万葉集巻第七1336‐1342番歌(冬こもり春の大野を)~アルケーを知りたい(1368)

▼1336は野焼きと心を焼くとを掛け合わせた歌。阿蘇の野焼きの映像を思うとなんともダイナミックな歌。1337は後悔の歌、きっと作者は男だ。1338は娘を思う父親の歌か。1339はこの人で大丈夫かと不安に思う女性の歌。1340は男女どちらの作か分からない。1341と1342は前出の1337と同じようなタイプの男の作。こうやって勝手に作者像を想像するのは面白い。

 草に寄す
冬こもり春の大野を焼く人は 焼き足らねかも我が心焼く 万1336
*春、野原を野焼きする人は飽き足らないと見えて私の心も焼いています。

葛城の高間の草野 早知りて標刺さましを今ぞ悔しき 万1337
*葛城の高間の萱は良いのでもっと早く知って人が入らないように縄張りしておくべきだった。悔しい。

我がやどに生ふるつちはり心ゆも 思はむ人の衣に摺らゆな 万1338
*私の敷地に生えているつちはりの草。どうでもいいような人の衣の染料になってはいけないよ。

月草に衣色どり摺らめども うつろふ色と言ふが苦しき 万1339
*月草の染料で衣を染めようと思うけれど、色が褪せやすいと聞いて迷っています。

紫の糸をぞ我が搓るあしひきの 山橘を貫かむと思ひて 万1340
*紫色の糸を搓っているところです。山の橘の実を通そうと思って。

真玉つく越智の菅原我れ刈らず 人の刈らまく惜しき菅原 万1341
*越智の菅原で草を刈るのを見送りました。すると誰かが刈りました。惜しい、悔しい菅原です。

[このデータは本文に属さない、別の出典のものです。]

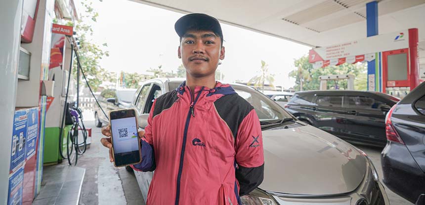 Pembeli Pertalite menunjukkan barcode program subsidi tepat Pertamina. (PERTAMINA UNTUK RIAU POS )

山高み夕日隠りぬ浅茅原 後見むために標結はましを 万1342
*山が高くて浅茅原を照らすはずの夕日を遮ります。後で人に邪魔されずじっくり見るために縄張りをしておけばよかった。

【似顔絵サロン】同時代の乱、672年の壬申の乱の関係者:田辺 小隅 たなべ の おすみ ? - ? 飛鳥時代の人物。壬申の乱では大友皇子側。倉歴道を守っていた田中足麻呂に夜襲をかけて敗走させる。















〔参考〕
伊藤博訳注『新版 万葉集二』角川ソフィア文庫。